Tsutsumi Ryu Ju Jutsu


----------



## SFC JeffJ (Sep 17, 2006)

Sounds good to me!

Personally, I'm really focusing on the economy of motion at the moment.

Nicely said.

Jeff


----------



## Drac (Sep 17, 2006)

Keikai said:


> When teaching I like to emphasise the following points to achieving good technique, particuarly for striking attacks.
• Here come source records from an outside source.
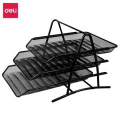 得力(deli)9181 高品质商务三层金属文件盘(座)黑色 1只装
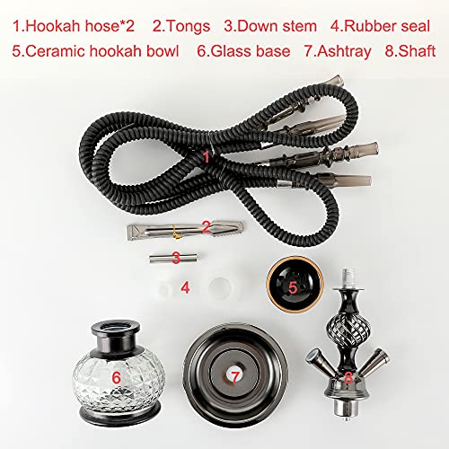 【Komplettes Wasserpfeifen-Set】Dieses Wasserpfeifen-Set enthält alles, was Sie brauchen, einschließlich einer dicken Glasvase, einem Schaft (mit einem Aschenbecher), einer Keramikschale, 2 Schläuchen und einer Shisha-Kohlezange.
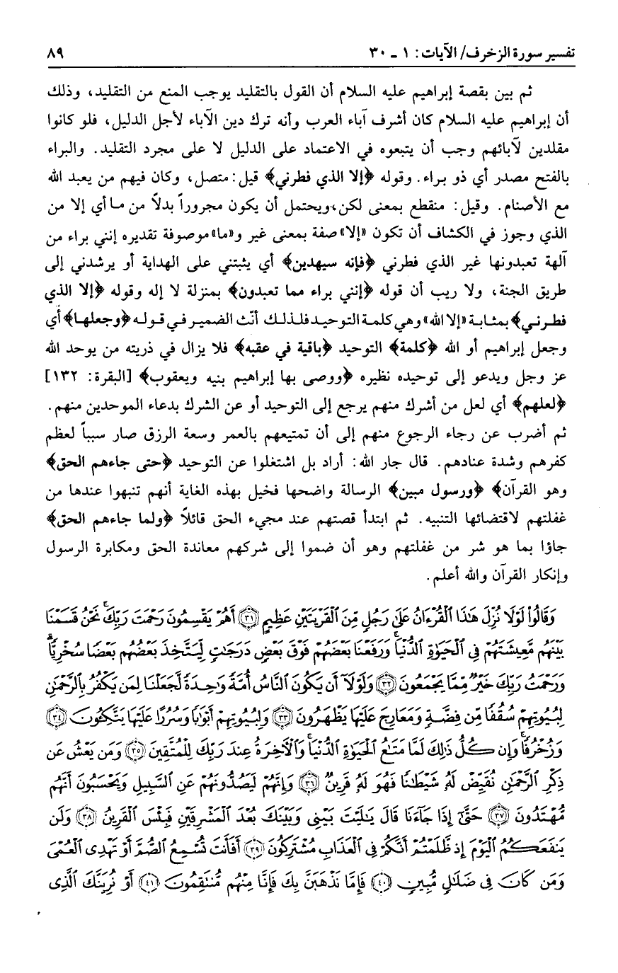 ثم بين بقصة إبراهيم عليه السلام أن القول بالتقليد يوجب المنع من التقليد، وذلك أن إبراهيم عليه السلام كان أشرف آباء العرب وأنه ترك دين الآباء لأجل الدليل، فلو كانوا مقلدين لآبائهم وجب أن يتبعوه في الاعتماد على الدليل لا على مجرد التقليد. والبراء بالفتح مصدر أي ذو براء. وقوله إِلَّا الَّذِي فَطَرَنِي قيل: متصل، وكان فيهم من يعبد الله مع الأصنام. وقيل: منقطع بمعنى لكن، ويحتمل أن يكون مجرورا بدلا من ما أي إلا من الذي وجوز في الكشاف أن تكون «إلا» صفة بمعنى غير و «ما» موصوفة تقديره إنني براء من آلهة تعبدونها غير الذي فطرني فَإِنَّهُ سَيَهْدِينِ أي يثبتني على الهداية أو يرشدني إلى طريق الجنة، ولا ريب أن قوله إِنَّنِي بَراءٌ مِمَّا تَعْبُدُونَ بمنزلة لا إله وقوله إِلَّا الَّذِي فَطَرَنِي بمثابة «إلا الله» وهي كلمة التوحيد فلذلك أنّث الضمير في قوله وَجَعَلَها أي وجعل إبراهيم أو الله كَلِمَةً التوحيد باقِيَةً فِي عَقِبِهِ فلا يزال في ذريته من يوحد الله عز وجل ويدعو إلى توحيده نظيره وَوَصَّى بِها إِبْراهِيمُ بَنِيهِ وَيَعْقُوبُ [البقرة: 132] لَعَلَّهُمْ أي لعل من أشرك منهم يرجع إلى التوحيد أو عن الشرك بدعاء الموحدين منهم.
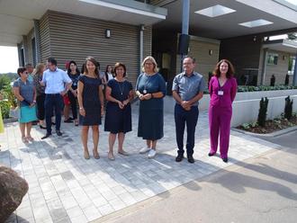 Gemeinsam mit Ministerpräsidentin Anke Rehlinger und Staatssekretärin Yorgova-Ramanauskas überzeugten sich der Losheimer Bürgermeister Helmut Harth sowie Vertreterinnen und Vertreter der Politik mit den beteiligten Bauunternehmen bei der offiziellen Eröffnung der neuen Tourist Info der Gemeinde Losheim am See am Stausee von der Fertigstellung eines touristischen Leuchtturmprojektes im Saarland.
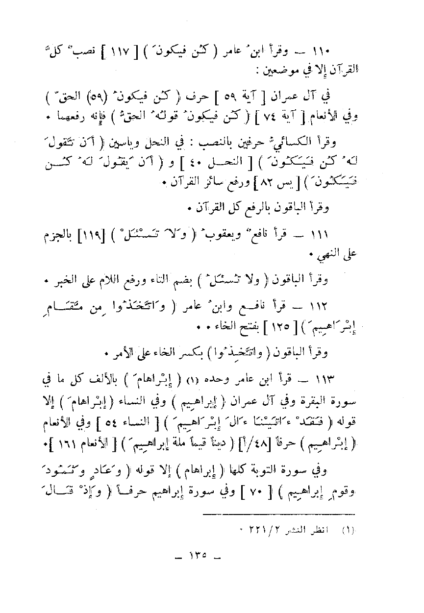 113 - قرأ ابن عامر وحده {إِبْرَاهِيمَ} بالألف كل ما في سورة البقرة وفي آل عمران {إِبْرَاهِيمَ} وفي النساء {إِبْرَاهِيمَ} إلا قوله {فَقَدْ آتَيْنَا آلَ إِبْرَاهِيمَ} [النساء 54] وفي الأنعام {إِبْرَاهِيمَ} حرفا {دِينًا قِيَمًا مِلَّةَ إِبْرَاهِيمَ} [الانعام 161].
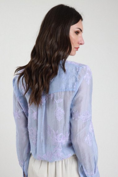 Camicia coreana c/ricamo 75%ly 25%ny+75%ly 25%pa

What are your thoughts?
> 
> 1. Committed Attack - something real to defend against
> 2. Body Movement - to get off line of attack
> ...


 
It all sounds GREAT..#2 I use the terminology of "Getting off the tracks" when teaching the rookie cop...Think of the attack as a freight train bearing down on you...It works they remember...


----------



## zDom (Sep 17, 2006)

re: economy of motion.

You mean in the application of technique for real?
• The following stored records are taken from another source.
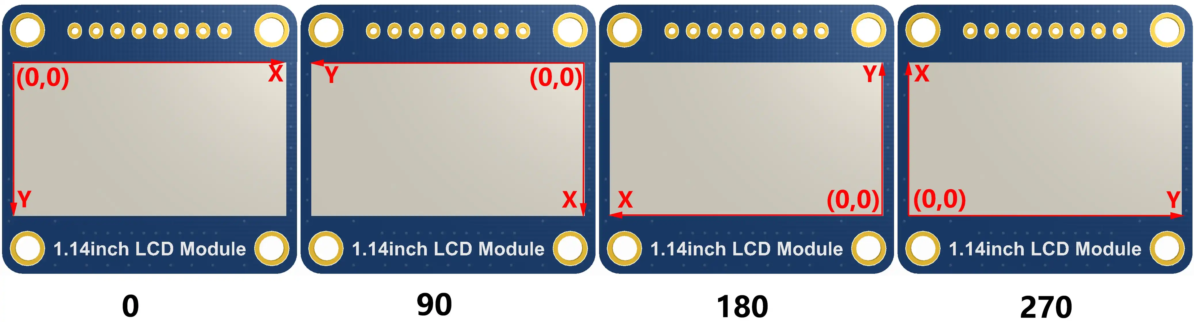 Rotate: 图像选择角度,可以选择 ROTATE_0、ROTATE_90、ROTATE_180、ROTATE_270 分别对应 0、90、180、270 度提示不同选择角度下,坐标对应起始像素点不同,这里以 1.14 为例,四张图,按顺序为 0°, 90°, 180°, 270°。仅做为参考。
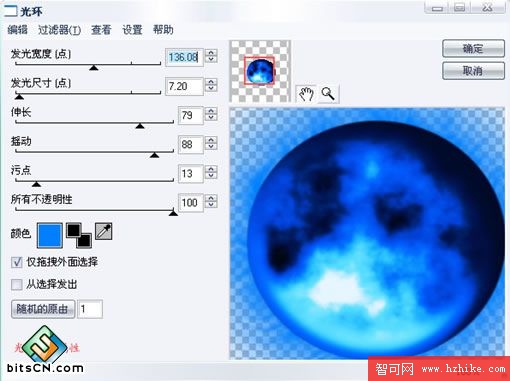 最後在給它加上發光和光暈這2個濾鏡。(友情提示:建議機器配置不好的先把前面得到的效果轉換為位圖在做光暈效果的操作,因為會消耗不少內存^_^)
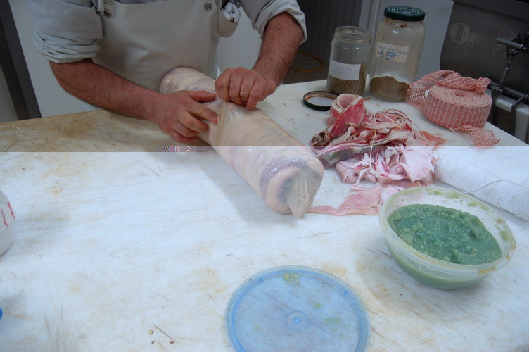 Come parte grassa si utilizza, Lardo di Schiena e Guanciale, il procedimento per la loro lavorazione prevede che siano tagliati a filetti da un centimetro di lato per 20/30cm di lunghezza, preventivamente salati e insaporiti, lasciati riposare almeno una notte, quindi tagliati a punta di coltello in dadini, in quantità del 10-15% rispetto alla parte magra.

Because I am a firm believer in _*training*_ LARGE motions.

i.e., I train from a full chamber, but in actual use, punch comes directly from the guard position.

Am I misunderstanding what you mean by economy of motion?


----------



## Keikai (Sep 17, 2006)

Economy of Movement refers to the movements used in doing the technique. I emphasise the need to pare the movements down to the shortest possible for the execution of the technique. For example why do a large hand and arm movement when a small one is faster and off balances more. Why do three steps when two will do better. Some techniques require longer movements but the minimum movement for that technique should be aimed at.

Greg Palmer

Tsutsumi Ryu Ju Jutsu


----------



## bignick (Sep 20, 2006)

My thoughts are that what you listed are good ideas, but what do you do specifically to try to emphasize these aspects when teaching?  Everybody has their way of showing something but how do you get your points across?


----------



## Keikai (Sep 22, 2006)

I posted a long reply to your question and tried to preview it and the system logged me out and lost the whole thing. I will do it again when I have time as a Word document and then post it.

The short answer is that all the points are taught and emphasised for every technique every time from day one. We expect that students ask questions and we ask them theory questions to make sure they understand what technique is all about.


----------